Question 1048830: PLEASE HELP! I NEED THIS ANSWER PLEASE!!!!!!
In a lottery game, a player picks six numbers from 1 to 48. If 4 of those 6 numbers match those drawn, the player wins third prize. What is the probability of winning this prize? (Give your answer as a fraction.)
Answer by Theo(13342) (Show Source):
You can put this solution on YOUR website! the probability of getting any one number right is 1/48.

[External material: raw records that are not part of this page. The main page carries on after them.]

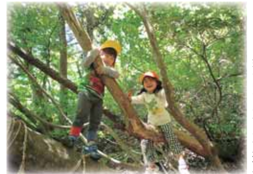
自然の中でのびのび遊ぶ

新規入園受付▶ 入園対象 保護者の就労などにより、家庭内で保育が受けられない産後8週以上(H27.4.1現在)の就学前児童 受付期間 12月1日(月)～25日(木) 午前8時30分～午後5時15分 ※土日祝日を除く ※郵送の場合は12月25日必着 提出書類 ・H27年度保育園入園申込書 ※11月21日(金)から福祉・児童課で配布 ・保育を必要とする理由を証明する書類(勤務証明書など) 提出先 福祉・児童課
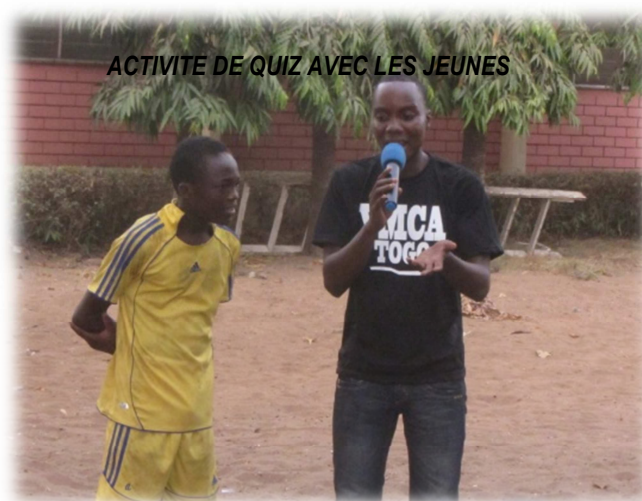
ACTIVITE DE QUIZ AVEC LES JEUNES
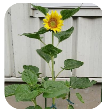
夏といえばひまわり！ 今年も立派に咲きました
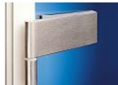
Dorma Studio Classic
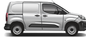
SHORT VAN فان قصير

assuming that the same number can be drawn more than once, then the same probability exists for all 6 numbers.
this looks like a binomial probabilty where p(x) = p^x * q^(n-x) * c(n,x)
p is equal to 1/48
q is equal to 47/48
x goes from 0 to 1.
p(0) = (1/48)^0 * (47/48)^6 * c(6,0)
p(1) = (1/48)^1 * (47/48)^5 * c(6,1)
p(2) = (1/48)^2 * (47/48)^4 * c(6,2)
p(3) = (1/48)^3 * (47/48)^3 * c(6,3)
p(4) = (1/48)^4 * (47/48)^2 * c(6,4)
p(5) = (1/48)^5 * (47/48)^1 * c(6,5)
p(6) = (1/48)^6 * (47/48)^0 * c(6,6)
player needs to get 4 out of 6.
that would be p(4) = (1/48)^4 * (47/48)^2 * c(6,4)

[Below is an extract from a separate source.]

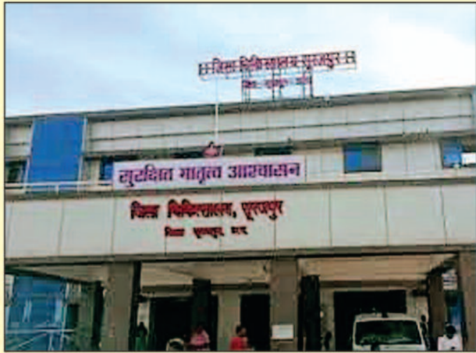
सुविधा न मिलने निजी क्लिनिकों में भेजने की शिकायत एक मरीज के द्वारा

मिली जानकारी के अनुसार जिला चिकित्सालय में जीवन दीप समिति के बैठक लेने कलेक्टर रोहित व्यास पहुंचे थे तभी जिला चिकित्सालय में जांच का

the result of that would be equal to 2.709190541 * 10^(-6)
that's the same as .000002709190541
the total probability has to be equal to 1.
the following excel spreadsheet display shows that this is true and also confirms the answer given above.
c(n,x) is the combination formula that is equal to n! / (x! * (n-x)!)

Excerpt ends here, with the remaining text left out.